Porque el alud de datos aportados no solo no la neutraliza, sino que más bien distorsiona. Aun cuando el sesgo de confirmación al que estamos expuestos selecciona los que corroboran las inquietudes más alarmantes. El emocionante relato de algunos clínicos sobre la gravedad de algunos pacientes atendidos corroboraba -aparentemente- la impresión de catástrofe sanitaria que, en buena parte, sustenta las espectaculares reacciones preventivas que ha generado.
De ahí la conveniencia de valorar lo más objetivamente posible la magnitud de la tragedia(13). Por ello y porque las medidas preventivas no son gratuitas; es decir, no están exentas de efectos adversos considerables.
Obviamente, la proporcionalidad de las medidas preventivas en situación de incertidumbre es hipotética y contingente. De modo que no está en absoluto garantizada por mucho que nos esforcemos. Aunque tenerla en mente y procurar incluir indicadores orientativos sea imprescindible. Pero comparar beneficios y perjuicios exige una valoración de unos y otros que permita sopesarlos adecuadamente. Lo que resalta las distintas valoraciones que merecen según las distintas posiciones ideológicas, algo que, al estar en juego vidas humanas, puede inducir a demagogia.

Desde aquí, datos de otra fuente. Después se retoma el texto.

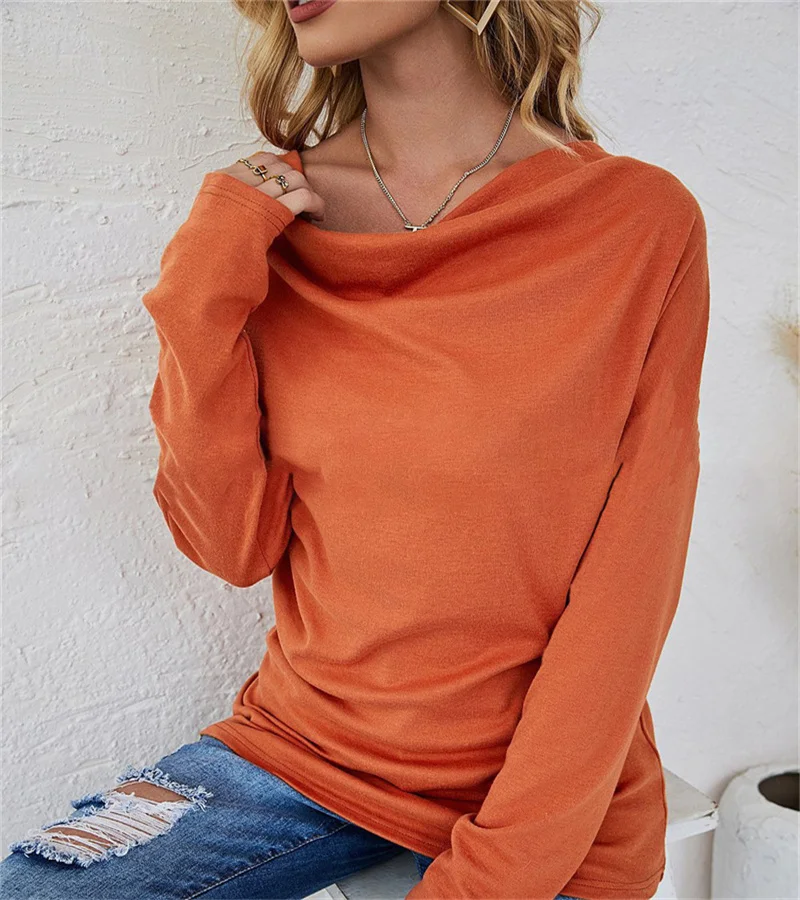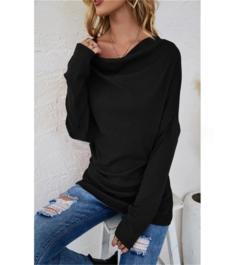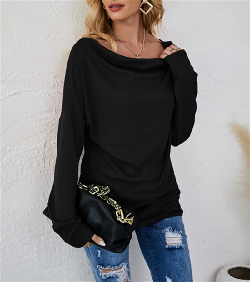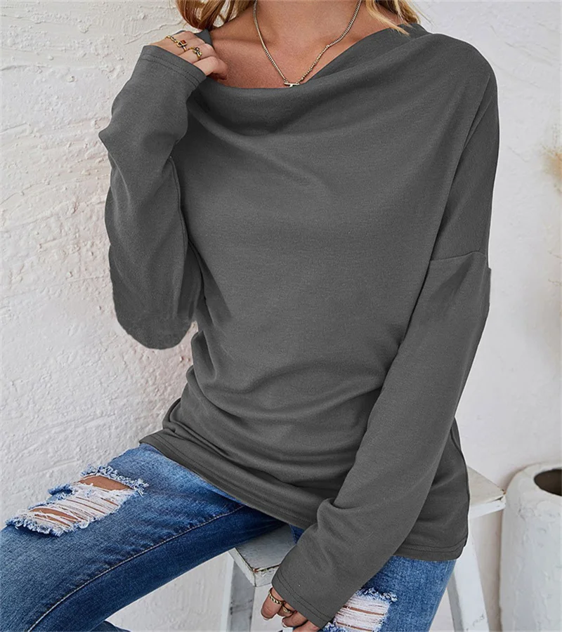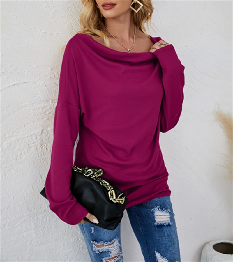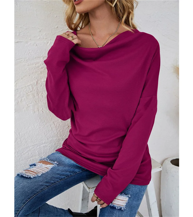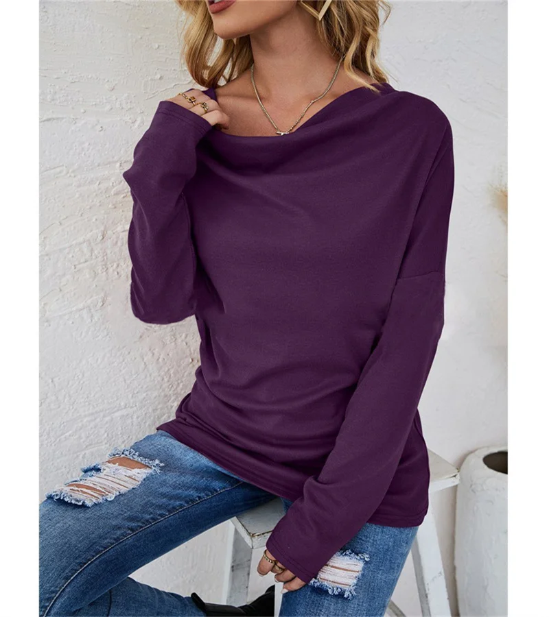 European women's long-sleeved fashion solid colour loose round-necked shirt. S-2X

Como el peligro sanitario es inminente, mientras que las eventuales consecuencias negativas de las medidas aparecen más tarde, si las medidas sanitarias tienen éxito se gana tiempo, algo que parece positivo, aunque solo lo es realmente si lo podemos utilizar para mejorar nuestra reacción.
Afirmar que la salud es lo primero queda muy bien aunque la disyuntiva entre salud y riqueza sea engañosa, puesto que la salud depende también, de la capacidad adquisitiva de la gente para afrontar los gastos derivados de la alimentación, la vivienda, etc. Lo que tiene que ver con la productividad, la riqueza o el valor. En definitiva, con la economía, etimológicamente la administración de la casa, del hogar.

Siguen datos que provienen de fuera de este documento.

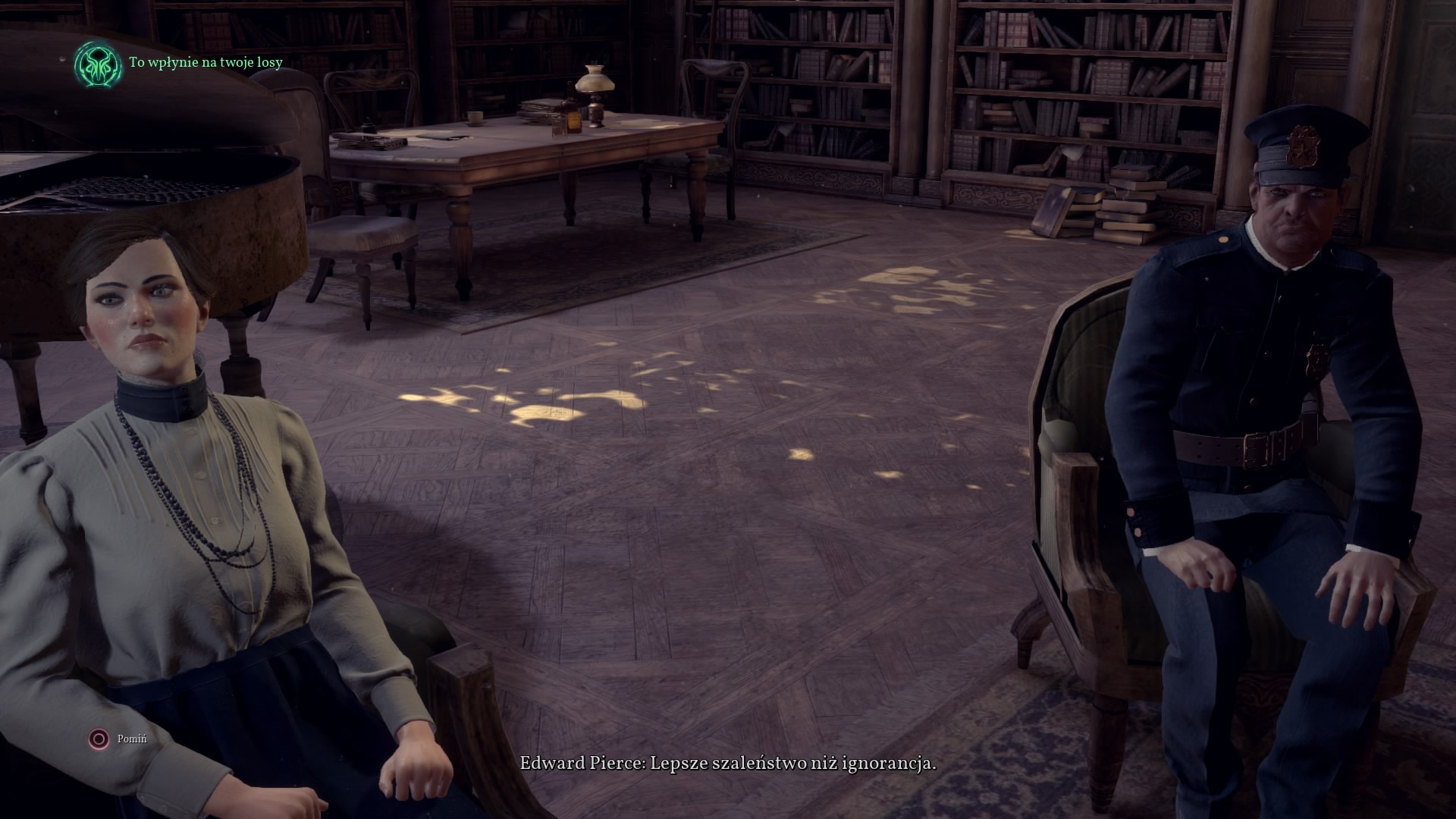 Nie bez powodu wspomniałem o rozmowach z mieszkańcami Darkwater, bo jest ich w Call of Cthulu naprawdę sporo. Nie ma się czemu dziwić, przecież nasz bohater to prywatny detektyw, więc przesłuchiwanie świadków jest dla niego na porządku dziennym. Poszlaki, które możemy wykorzystać w rozmowach odnajdujemy leżące w świecie gry lub poprzez doświadczanie retrospekcji. Niekiedy mamy możliwość prześledzenia, co stało się w danym miejscu. Gdy zobaczymy niebieskawą winietę na ekranie, możemy nacisnąć jednocześnie i przytrzymać oba spusty pada, by móc zbadać, co zaszło. Nie miałbym do tego elementu niczego do zastrzeżenia, gdyby nie to, że retrospekcje są zbyt szczegółowe i zaburzają poczucie zanurzenia w świecie. Pierce wyciąga z tych wspomnień stanowczo za dużo informacji na podstawie zbyt mało znaczących tropów.

En cambio, como está funcionando actualmente la economía, da la impresión de que los excedentes acumulados por unos pocos se podrían distribuir más justamente a modo de colchón redistributivo. Pero sin el poder político necesario las consecuencias económicas negativas las pagaran los de siempre. Porque para algunos grupos -como a los empleados de las administraciones públicas, jubilados, etc. - el riesgo de morir o de enfermar gravemente es incomparablemente mayor que los eventuales efectos adversos de las medidas preventivas.
La afectación selectiva de las personas mayores es otra característica de la epidemia que se presta a consideraciones morales. Aunque las residencias de ancianos y las instalaciones socio-sanitarias sean más un apaño que una solución satisfactoria a un problema espinoso, que incluye la inexorable decrepitud del envejecimiento. De donde la descalificación -más ideológica que empírica- de los equipamientos de titularidad privada no deja de ser, en bastantes casos, un recurso para tranquilizar las conciencias. Medicalizar tales instalaciones subestima los graves riesgos del encarnizamiento , porque tan injusto es excluir a los pacientes de algunos tratamientos por edad, como someterlos a obstinación terapéutica.(14,15)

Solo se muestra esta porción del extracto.